Requirement =
The whole listing below, with no pictures, is to be repeated as it stands.

Dataset content =
▼
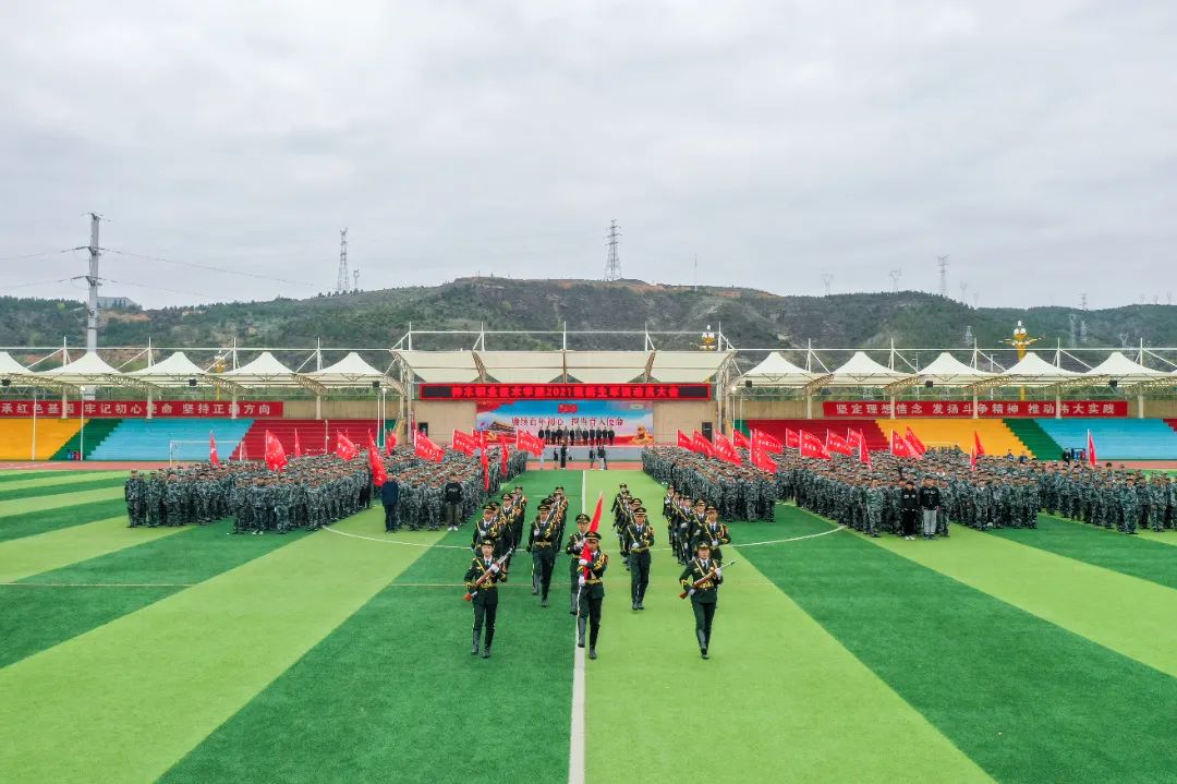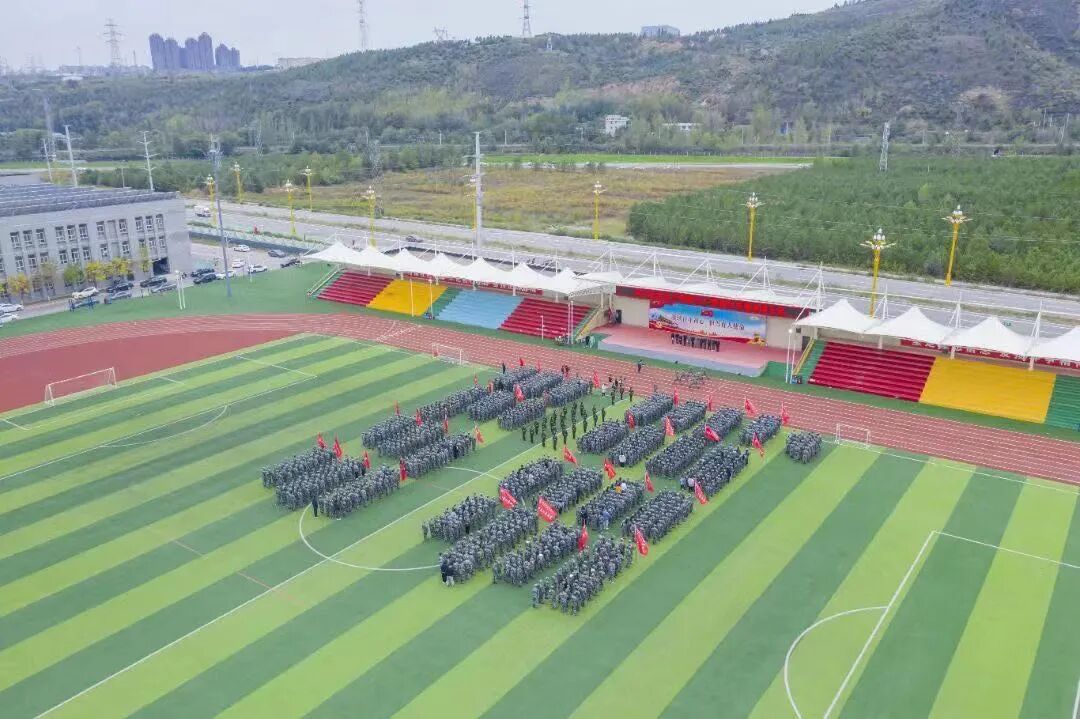 10月8日,神木职业技术学院2021级新生军训动员大会在学院操场举行。
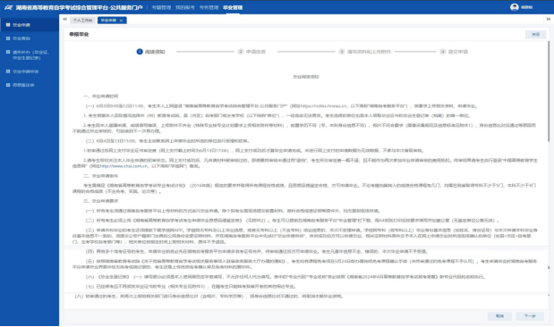 点击【毕业申请】按钮,进入毕业阅读须知界面,请考生仔细阅读。
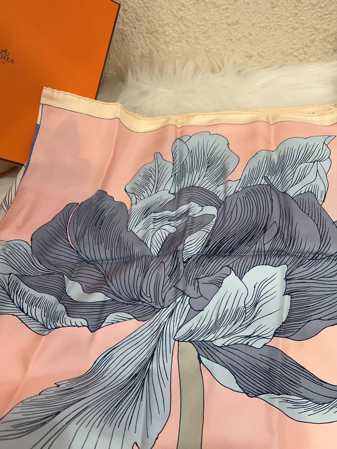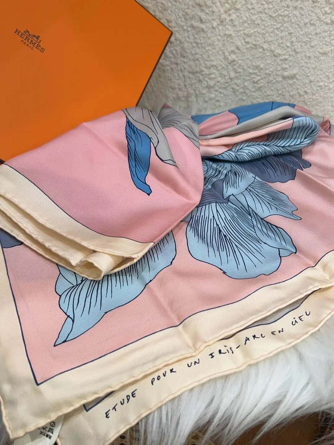 【商品详情】正品二手 爱马仕 鸢尾彩虹 丝巾🫢98新 90*90 配件:盒子。优雅漂亮
▲
Result of the task =
 10月8日,神木职业技术学院2021级新生军训动员大会在学院操场举行。
 点击【毕业申请】按钮,进入毕业阅读须知界面,请考生仔细阅读。
 【商品详情】正品二手 爱马仕 鸢尾彩虹 丝巾🫢98新 90*90 配件:盒子。优雅漂亮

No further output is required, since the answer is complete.